J'ai oublié d'écrire echo
en PHP une fois de trop:
<td><?php $foo->bar->baz(); ?></td>
<!-- should have been -->
<td><?php echo $foo->bar->baz(); ?></td>
Cela me prendrait une éternité pour essayer de comprendre pourquoi -> baz () ne retournait rien alors qu'en fait je ne m'en faisais pas l'écho! : -S J'ai donc créé une classe EchoMe
qui pourrait être enroulée autour de n'importe quelle valeur qui devrait être reproduite:
<?php
class EchoMe {
private $str;
private $printed = false;
function __construct($value) {
$this->str = strval($value);
}
function __toString() {
$this->printed = true;
return $this->str;
}
function __destruct() {
if($this->printed !== true)
throw new Exception("String '$this->str' was never printed");
}
}
Et puis pour l'environnement de développement, j'ai utilisé un EchoMe pour envelopper des choses qui devraient être imprimées:
function baz() {
$value = [...calculations...]
if(DEBUG)
return EchoMe($value);
return $value;
}
En utilisant cette technique, le premier exemple manquant le echo
lèverait maintenant une exception ...
Compilez toujours au niveau d'avertissement le plus élevé et traitez les avertissements comme des erreurs (build breakers).

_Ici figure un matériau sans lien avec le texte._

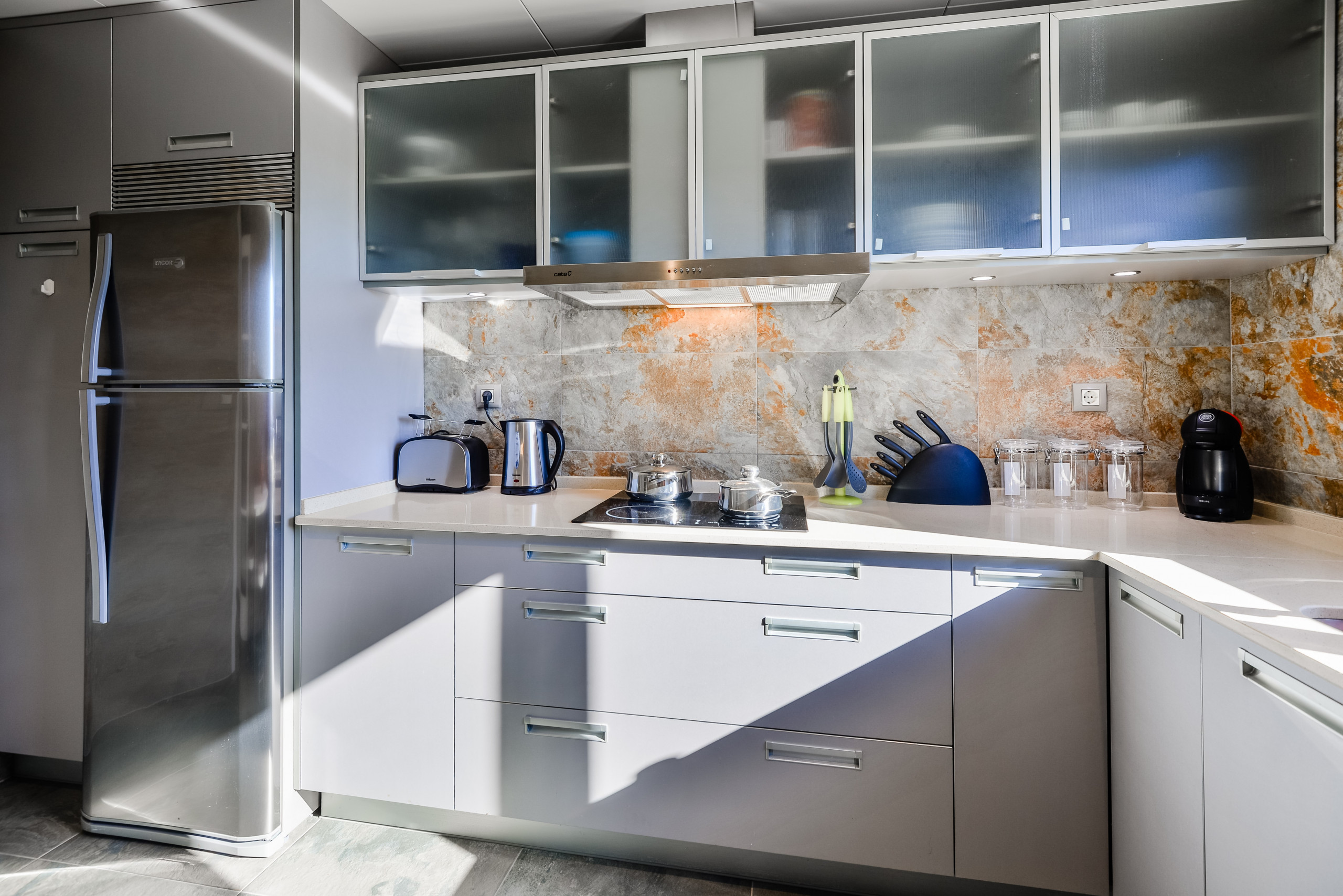 In the vitroceramic independent kitchen, refrigerator, microwave, oven, freezer, washing machine, dishwasher, dishes/cutlery, kitchen utensils, coffee machine, toaster, kettle and juicer are provided.

Même si le code est "correct", corrigez la cause de l'avertissement sans désactiver l'avertissement si possible. Par exemple, votre compilateur C++ peut vous donner un avertissement pour un code légal comme celui-ci:
while (ch = GetNextChar()) { ... }
Il semble que vous ayez tapé =
au lieu de ==
. La plupart des compilateurs qui offrent cet avertissement (utile) se fermeront si vous ajoutez une vérification explicite.
while ((ch = GetNextChar()) != 0) { ... }
Être légèrement plus explicite non seulement fait taire l'avertissement, mais aide également le prochain programmeur qui doit comprendre le code.
Si vous DEVEZ désactiver un avertissement, utilisez un #pragma
dans le code, afin que vous puissiez (1) limiter la plage de code pour laquelle l'avertissement est désactivé et (2) utiliser des commentaires pour expliquer pourquoi l'avertissement doit être désactivé. Les avertissements désactivés dans les lignes de commande ou les makefiles sont des catastrophes qui attendent de se produire.
C++
Lorsque je tape new, je dois immédiatement taper delete. Surtout pour les tableaux.
C #
Vérifiez la valeur null avant d'accéder aux propriétés, en particulier lorsque vous utilisez le modèle Mediator. Les objets sont passés (et doivent ensuite être convertis en utilisant as, comme cela a déjà été noté), puis vérifiez par rapport à null. Même si vous pensez que ce ne sera pas nul, vérifiez quand même. J'ai été surpris.
Utilisez des classes sentinelles avec certains modèles basés sur l'interface OOP patterns au lieu de null
.
Par exemple. lors de l'utilisation de quelque chose comme
public interface IFileReader {
List<Record> Read(string file);
}
utiliser une classe sentinelle comme
public class NoReader : IFileReader {
List<Record> Read(string file) {
// Depending on your functional requirements in this case
// you will use one or more of any of the following:
// - log to your debug window, and/or
// - throw meaningful exception, and/or
return new List<Record>(); // - graceful fall back, and/or
// - whatever makes sense to you here...
}
}
et l'utiliser pour initialiser n'importe quelle variable IFileReader
IFileReader reader = new NoReader();
au lieu de simplement les laisser à null
(implicitement ou explicitement)
IFileReader reader; /* or */
IFileReader reader = null;
pour vous assurer de ne pas obtenir d'exceptions de pointeur nul inattendues.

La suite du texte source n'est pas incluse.